Вдруг дошло до нее, что она не разбирается в струнных и смычковых, видела одну-единственную, может, они все похожи, но если ей удастся взять скрипку в руки, повернуть и посмотреть — есть ли на ее спинке, под лопаткой, на тыльной стороне, родинка...
— Могу ли я посмотреть ее? взять в руки? Откуда она взялась?

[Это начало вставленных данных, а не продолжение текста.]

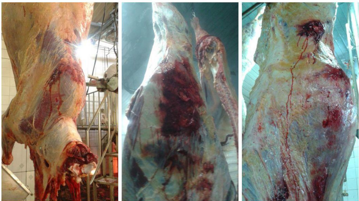
Figure 1 - Bruises in bovine carcasses in Grade I, Grade II and Grade III.

— Можете, фрау Эрика, само собой. Мне досталась она в тот день, когда в овраге расстреливали здешних евреев вместе с эвакуированными. Один из евреев нес очень красивый старинный футляр, естественно было предположить, что в футляре ценный музыкальный инструмент. Я не мог допустить, чтобы его продырявили автоматной очередью или пулями, и велел солдату отобрать у еврея скрипку. Солдат отбирал, еврей не отдавал. Да сколько можно, сказал я, дай ему в зубы, я скрипок не расстреливаю. Получив прикладом по лицу, еврей словно отрезвел, отдал скрипку и, видимо, понял, куда их ведут, потому что сказал на ломаном немецком: «Вы бы хоть детей отпустили». Дай ему еще раз и поставь в строй, сказал я солдату. И тут этот идущий на расстрел, вытирая кровь, стал, глядя в сторону, улыбаться, рехнулся, что ли, предчувствуя смерть.
Отирая кровь, размазывая ее тыльной стороной ладони, Тибо глянул вдаль, посмотрел на боковую улочку и в середине ее увидел удаляющуюся, почти бегущую Эрику, которая вела за руки двух мальчонок, беленького постарше и повыше слева, маленького кудрявого темноволосого справа. То ли музыкантское, то ли предсмертное чутье осветило, словно лучом прожектора, возлюбленную его, и знал он теперь точно: младший мальчик — его сын. Она тут, у них есть сын, у него есть сын, Эрика уводит его прочь от дороги смерти, их ждет жизнь, какое счастье. Эти открытия заставили его улыбнуться, он улыбался, идя к оврагу, и продолжал улыбаться, когда его расстреляли, успев подумать: может, мы и ехали на одном поезде...
— Могу ли я взять скрипку в руки?
— Разумеется,— отвечал немец, пожав плечами.
Не дойдя полуметра, уже протянув руки, она потеряла сознание. Ее перенесли на диван, плескали в лицо водою, офицер влепил ей пару пощечин, достал нашатырь из походной аптечки, привел ее в чувство.
— Что с вами?
— После зимы в блокированном Ленинграде со мной такое бывает.